In fact, the sought expected value can be represented as:

• \(\displaystyle \sum^{N}_{i=1} A_i \times \) (the probability that \(A_i\) yen is payed in the procedure).

Now let us find the probability \(p_i\) that \(A_i\) yen is payed during the procedure.

For convenience, let \(p_0=1\).
Then we have \(\displaystyle p_i = \frac{1}{N} \sum_{j=0}^{i-1} p_j\).
Why?
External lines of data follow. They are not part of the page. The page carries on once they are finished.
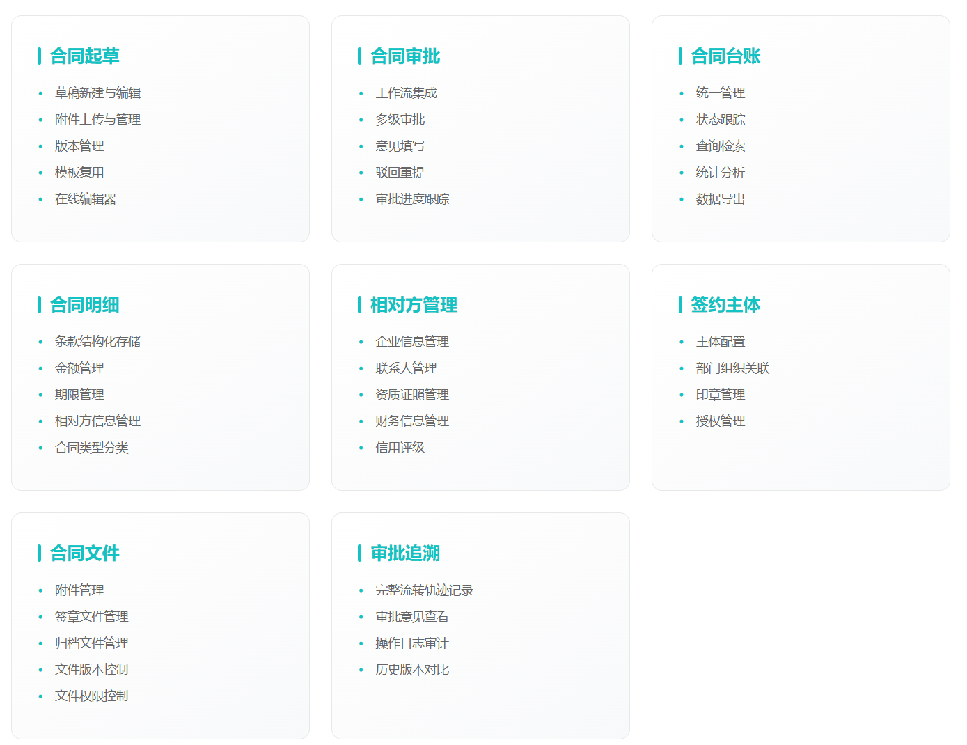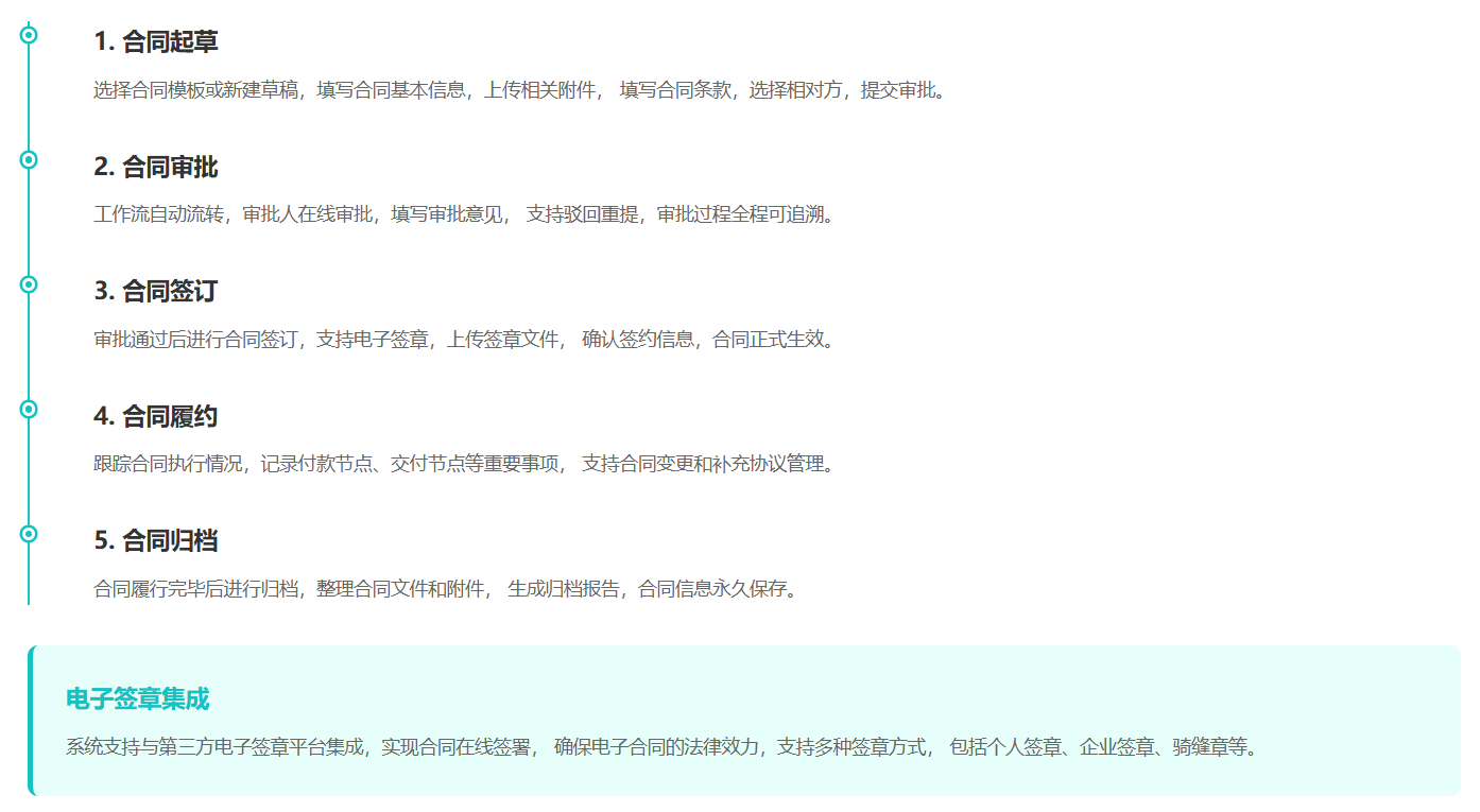 支持合同起草、审批、台账管理、版本控制,与工作流引擎集成,支持电子签章文件管理,实现合同状态全流程跟踪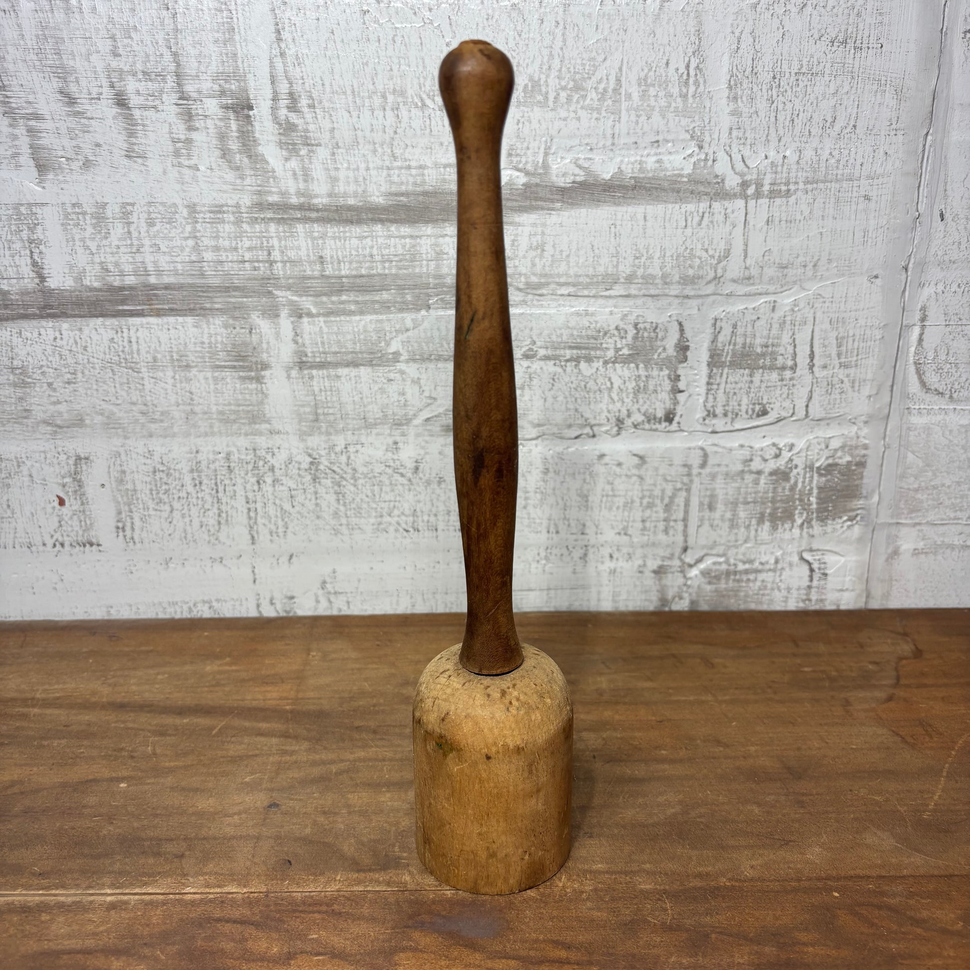 Antique solid wooden potato masher some basic wear, 11” tall, 2” wide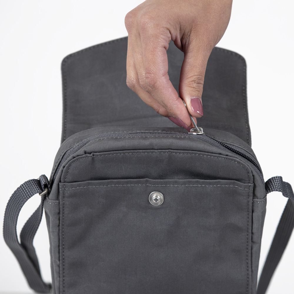 Le Greenland Pocket est doté d'un couvercle zippé, d'une sangle réglable et d'une poche interne pour votre téléphone ou votre petite tablette.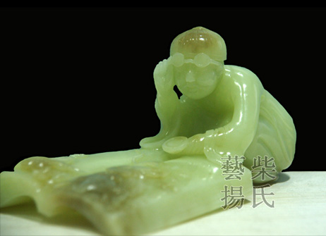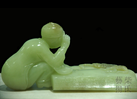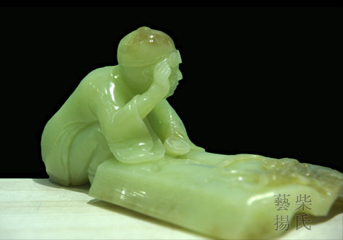 作者看到儿子看的漫画书《老夫子》灵感犹然而生,作品选取上等的黄玉精雕而成,玉质温润细腻,人物造型滑稽可爱,一手扶着眼镜,一手紧握放大镜,夸张的书本上利用糖色刻画出“书中自有黄金屋,书中自有颜如玉”的画面,正在冥想书籍带给人成功的力量。糖色悄然天成,雕工精细、熟练老道,彰显作者深厚的艺术功底和娴熟的雕琢技法。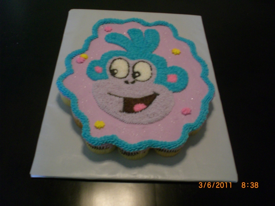 this is 24 cupcake, all BC. To make Boots i traced on some wax paper with and edible maker then used star tip 16, put in frezzer then pilled it off slowly and laied on top.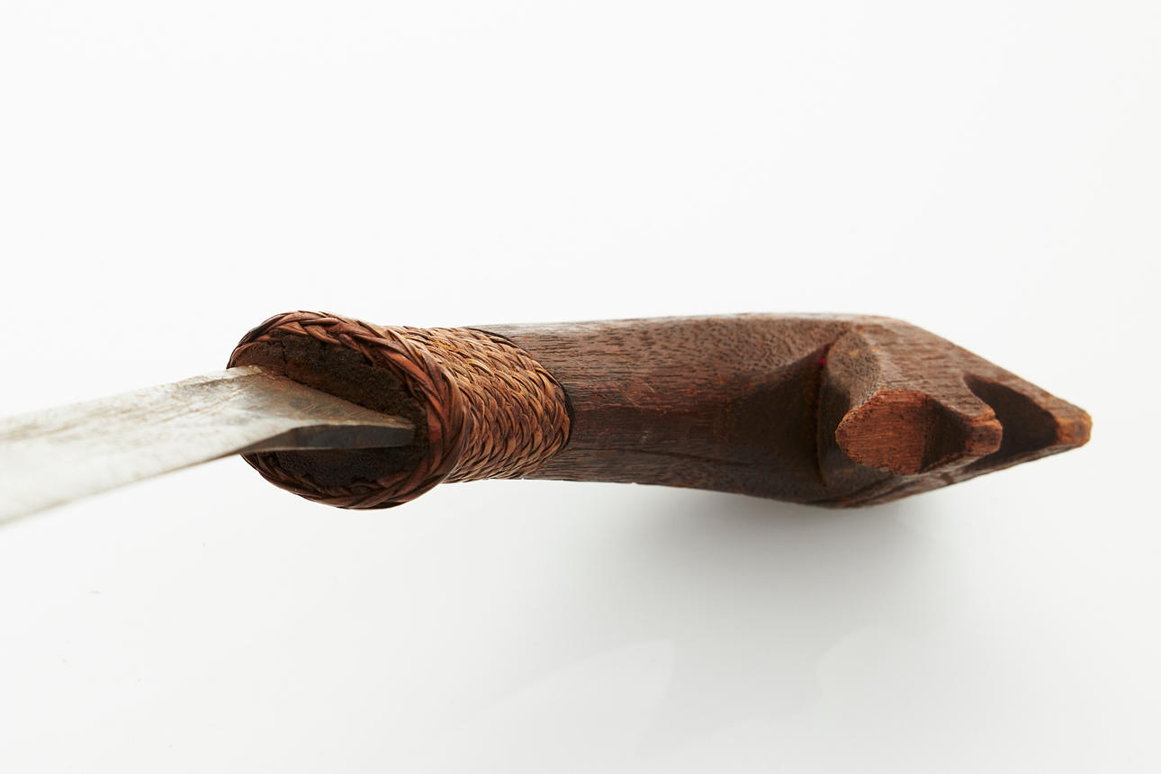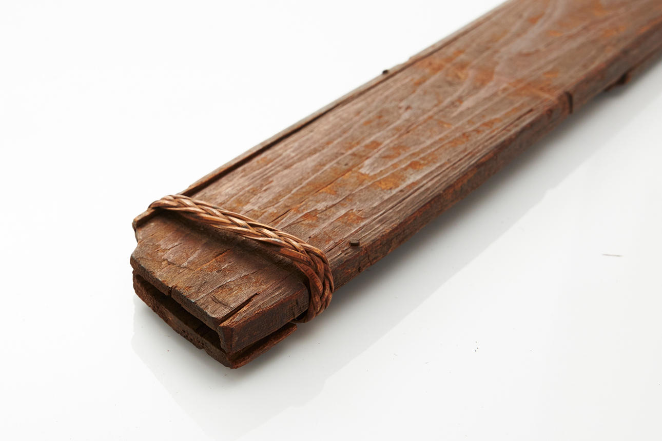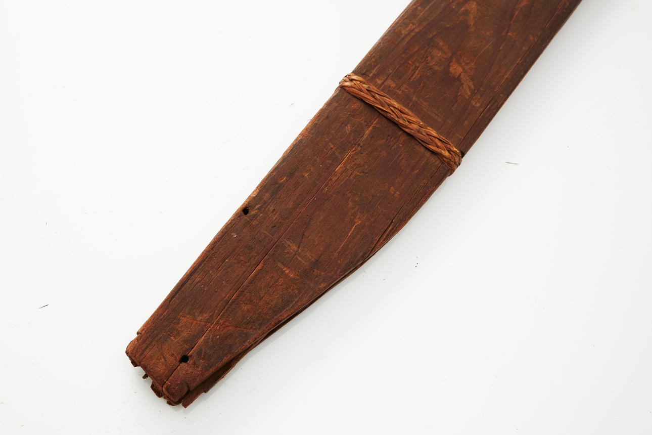 Soporte de madera esculpido, tina de madera con bandas trenzadas, longitud aproximada de 56 cm.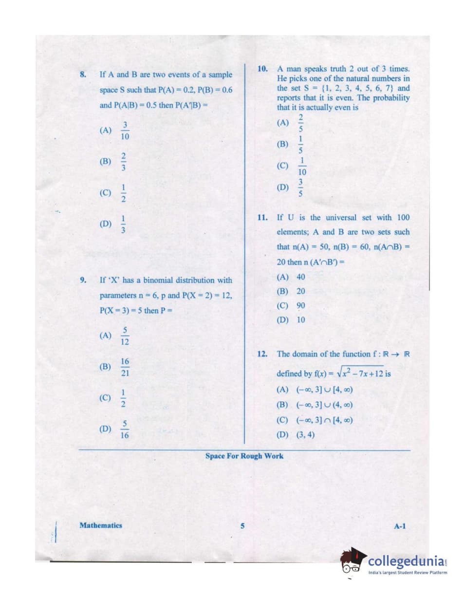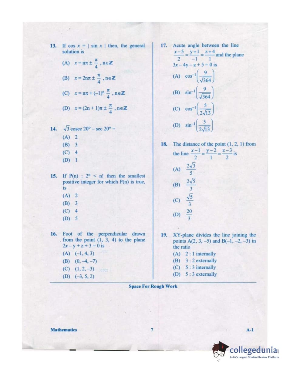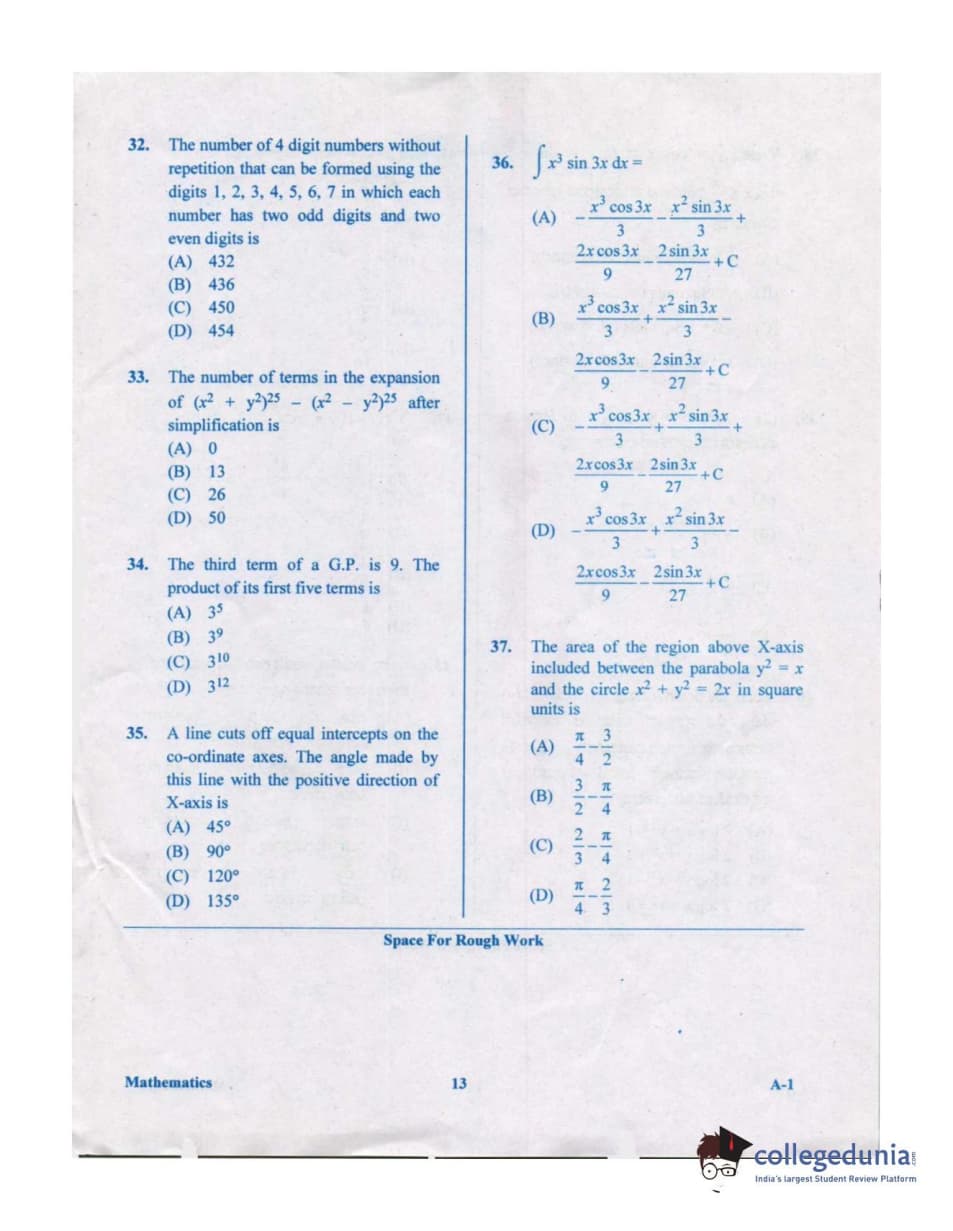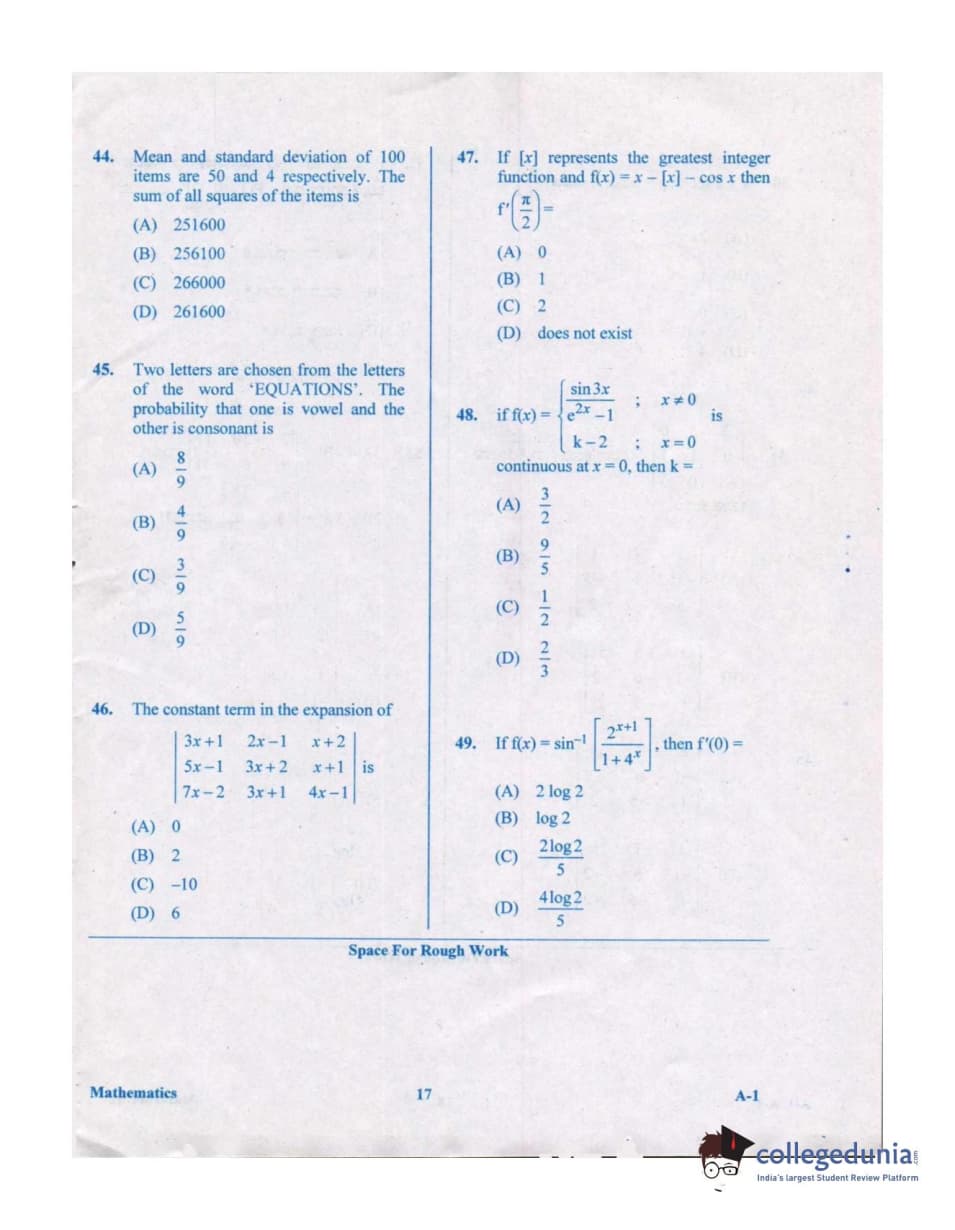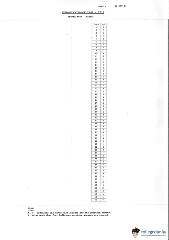 KCET 2019 Mathematics Question paper with answer key pdf conducted on April 29, 2019 in Afternoon Session 2:30 PM to 3:50 PM for A-1 is available for download. The exam was successfully organized by Karnataka Examinations Authority (KEA). In terms of difficulty level, KCET was of Moderate level. The question paper comprised a total of 60 questions.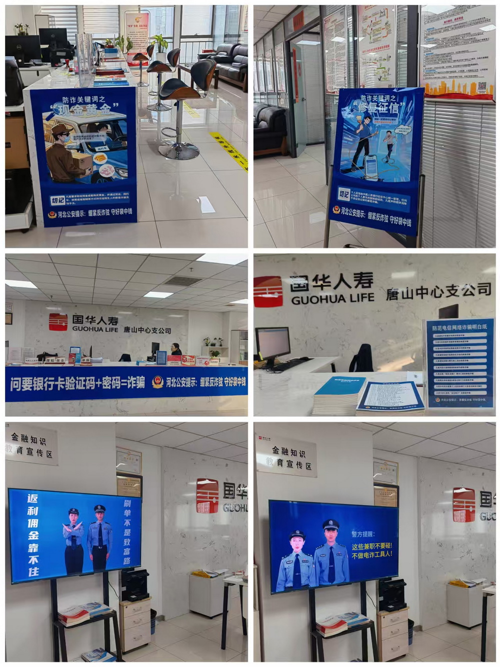 为深入贯彻落实全省打击治理电信网络诈骗犯罪工作部署及监管部门相关工作要求,切实发挥职场宣传阵地作用,提升广大群众及员工的反诈意识和防骗能力,国华人寿唐山中支公司高度重视反诈宣防工作,迅速行动,全面完成反诈宣防职场布置工作。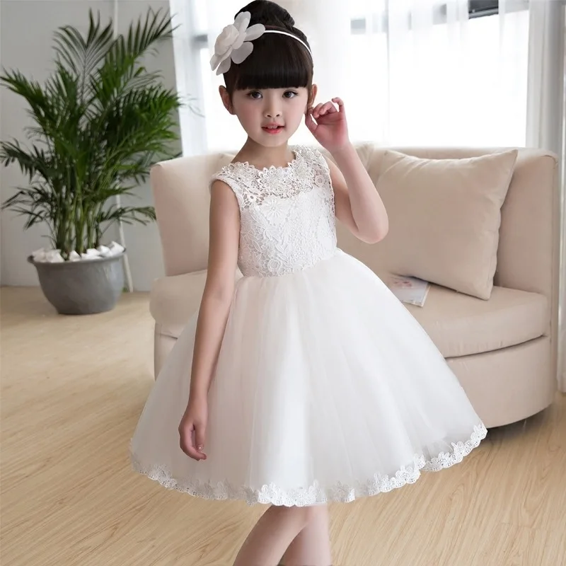 Милое белое летнее кружевное платье для маленьких девочек, 2020 год детское фатиновое платье принцессы без рукавов для дня рождения, вечерние платья с аппликацией на свадьбу, одежда для девочек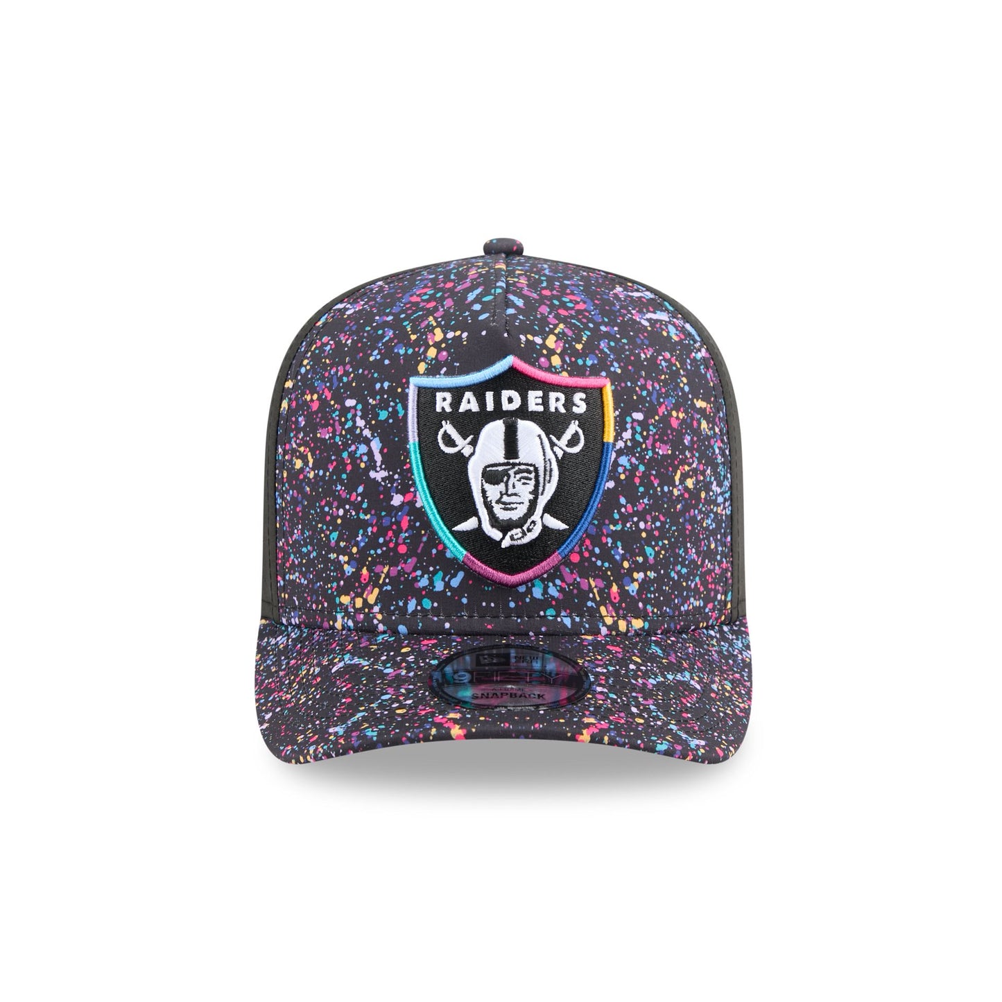The Las Vegas Raiders 2025 Crucial Catch 9FIFTY A-Frame Snapback features an embroidered Raiders logo at the front paint splatter panels with a woven NFL Shield tag above a snapback closure at the rear. Additional details include a Crucial Catch Intercept Cancer patch at the right-wear side and a black undervisor.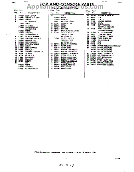 Parts for Whirlpool LDB7750W1: 05 - Section Parts

The term \(\frac{1}{N} p_j\) represents the probability that the die shows \(i\) when \(x=j\) and he receives \(A_i\) yen.

This can be evaluated in a total of \(O(N)\) time using cumulative sums.
Here, dividing by \(N\) modulo \(998244353\) is achieved by multiplying by the modular inverse of \(N\). Reference (Japanese)

Sample code (C++):

#include<bits/stdc++.h>

using namespace std;

#define mod 998244353
#define FACSIZE 1048576

long long power(long long a,long long b){
  long long x=1,y=a;
  while(b>0){
    if(b&1ll){
      x=(x*y)%mod;
    }
    y=(y*y)%mod;
    b>>=1;
  }
  return x%mod;
}

long long modular_inverse(long long n){
  return power(n,mod-2);
}

int main(){
  long long n;
  cin >> n;
  long long invn=modular_inverse(n);
  long long p=invn,res=0;
  for(long long i=0;i<n;i++){
    long long a;
    cin >> a;
    res+=p*a;res%=mod;
    p+=p*invn;p%=mod;
  }
  cout << res << "\n";
  return 0;
}